Bloomberg Prepares for a 25-Year Boom in the City
This article is from the archive of The New York Sun before the launch of its new website in 2022. The Sun has neither altered nor updated such articles but will seek to correct any errors, mis-categorizations or other problems introduced during transfer.
Mayor Bloomberg outlined a sweeping set of energy and infrastructure goals yesterday designed to prepare the city for population growth expected in the next 25 years.
Some of the initiatives, such as improvements to the water and electrical supply systems, will be hard for the average New Yorker to detect but will prevent catastrophes, in the same way that a new roof or a new boiler in a home would. Others, such as new parks, tunnels, and subway lines, will be clearly visible on the landscape of this city for generations. There was no price tag put on the combination of projects, but given the magnitude the costs will be many billions of dollars.
“It would be easy to sit back now and enjoy what we’ve done,” Mr.
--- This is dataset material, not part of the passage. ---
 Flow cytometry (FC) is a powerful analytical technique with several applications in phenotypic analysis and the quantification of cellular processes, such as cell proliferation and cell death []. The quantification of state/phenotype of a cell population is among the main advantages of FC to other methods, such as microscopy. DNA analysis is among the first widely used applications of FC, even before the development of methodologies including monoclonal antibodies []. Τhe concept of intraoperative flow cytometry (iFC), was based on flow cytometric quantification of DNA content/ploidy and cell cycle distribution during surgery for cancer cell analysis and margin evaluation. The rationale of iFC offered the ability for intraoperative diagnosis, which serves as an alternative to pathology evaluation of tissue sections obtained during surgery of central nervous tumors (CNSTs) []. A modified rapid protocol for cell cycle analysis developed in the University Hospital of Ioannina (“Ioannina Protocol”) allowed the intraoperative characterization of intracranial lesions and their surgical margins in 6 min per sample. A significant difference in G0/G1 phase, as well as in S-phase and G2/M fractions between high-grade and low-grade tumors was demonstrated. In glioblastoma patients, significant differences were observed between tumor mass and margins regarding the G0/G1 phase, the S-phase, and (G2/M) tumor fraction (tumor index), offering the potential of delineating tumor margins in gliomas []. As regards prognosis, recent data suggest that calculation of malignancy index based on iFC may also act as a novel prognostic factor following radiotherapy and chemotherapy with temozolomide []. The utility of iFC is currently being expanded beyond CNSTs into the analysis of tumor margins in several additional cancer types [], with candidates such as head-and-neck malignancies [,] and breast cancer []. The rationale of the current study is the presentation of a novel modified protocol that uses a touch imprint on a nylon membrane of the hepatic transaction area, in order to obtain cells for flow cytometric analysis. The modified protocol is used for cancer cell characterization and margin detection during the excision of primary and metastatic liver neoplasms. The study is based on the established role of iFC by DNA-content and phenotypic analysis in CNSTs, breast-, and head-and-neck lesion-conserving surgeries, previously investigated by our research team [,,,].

Bloomberg told a group of city commissioners and civic leaders during a speech at the Queens Museum of Art. “But we must not become complacent. That’s not how New York became great. And it’s not how I plan to spend the last 1,115 days of my term as mayor.”
The outline, which comes almost a year after the mayor convened a task force to study the city’s growing needs, found that by 2030 the city’s roads, bridges, tunnels, subways, energy supply, housing, and water delivery system will all be at capacity if nothing is done.
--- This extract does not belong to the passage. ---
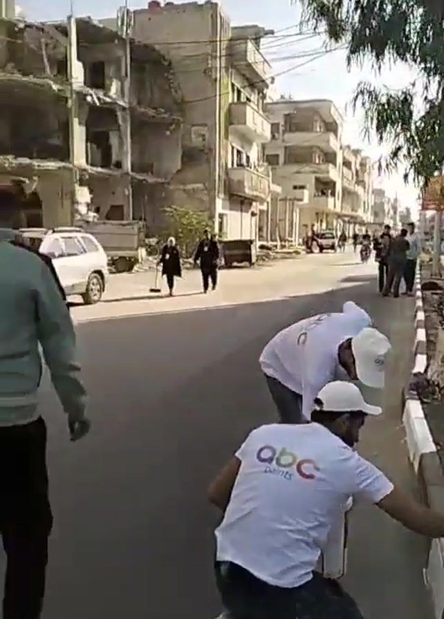 group of people cleaning up a street in what appears to be an urban area. The street is lined with buildings, some of which show signs of damage. In the first shot, three men are painting the curb white. They are wearing hats and casual clothes, and one has a shirt with "abc paints" on it. The next shot shows a man walking down the street, past a building with closed metal shutters. The following shots show a group of people sweeping the street and using a wheelbarrow to collect debris. A truck is visible, filled with garbage and green waste. The overall impression is of a community effort to clean and restore a damaged area.

The bumper-to-bumper rush-hour traffic that already chokes the city’s highways could, for example, last up to 12 hours a day in 2030 if transportation upgrades are not made. The city’s aging power plants will not be able to keep up with energy demands — in fact, energy demand could outpace supply by as early as 2012. And subway lines where commuters are already squeezed will be “crammed beyond capacity,” according to the city. The population, now at 8.2 million in the five boroughs, is expected to exceed 9 million by 2030.
“By 2030 virtually every major infrastructure in our city will be more than a century old and pushed to its limits,” Mr. Bloomberg said, adding, “It doesn’t have to come to if we act.”
The mayor’s 10 goals include: reducing the city’s pollution emission by 30%, cleaning up all of the city’s brownfields, developing backup systems for the city’s water delivery system, upgrading energy infrastructure, investing in subways and highways, and creating enough parkland so that all city residents live within 10 minutes of a park.
The goals are ambitious and could meet intense community resistance and funding opposition in Albany and Washington once they are more specifically defined. But they come as the city is awash in higher-than-expected tax revenues and at a competitive crossroads, with cities such as London, Hong Kong, and Shanghai gaining economic ground.
Yesterday’s speech — which was splashed with video footage of city construction projects and even included pictures of Mr. Bloomberg in a bathrobe and fuzzy slippers using energy for basic tasks like talking on the phone and making toast — was a first pass. The mayor said in three months the city would present specific proposals and outline costs and legislation that will be needed to turn the goals into realities.
Mr. Bloomberg, who will turn 88 in the year 2030, billed the event as a beginning of a public conversation that will include a campaign to solicit ideas and get feedback from New Yorkers.
The one idea floated by civic leaders immediately was charging drivers to get into Midtown Manhattan — the concept known as congestion pricing. The president of the Regional Plan Association, Robert Yaro, and the head of the Citizens Budget Commission, Diana Fortuna, both said it should be explored.
Within hours of the speech, Environmental Defense, a non-profit group, released a statement calling on the mayor to consider congestion pricing for New York. As recently as last week Mr. Bloomberg said it was not politically realistic to get congestion pricing passed in Albany, but yesterday he said all ideas would be considered.
“With our administration not beholden to special interests or big campaign contributors, we now have the freedom to take on the obstacles looming in the city’s future,” Mr. Bloomberg said against a backdrop with the slogan “New York City 2030: Accepting the Challenge.”
The mayor, who is often peppered with questions about his presidential ambitions, also used the speech to tout the infrastructure commitments he’s already made to the city: A new plan for garbage removal that will reduce truck traffic and $4 billion to finish a new water tunnel that has been under construction for decades, to name a few.
The study, which was led by deputy mayor Daniel Doctoroff, was supposed to be completed in April 2006, but ended up expanding its scope and delving into almost every facet of development and infrastructure in the city. It is just as much a political test for Mr. Doctoroff, the architect of the city’s failed Olympic bid, as it is for the mayor.
City Council Member David Weprin, the chairman of the finance committee, called it a “bold vision”but said the city would have to look at the projects in the context of the budget. “There’s no question that we’ll have to prioritize because we can’t do everything at once.”
Mr. Yaro, the head of the Regional Plan Association, noted that the challenges are not unique to New York. He noted that the entire metropolitan area is expecting huge population bursts and that competitors like London, which already has a similar plan in place, are too.
He called the mayor’s plan “every bit as ambitious” as the plan London’s mayor, Ken Livingstone, has laid out. “We’re just getting started,” Mr. Yaro said.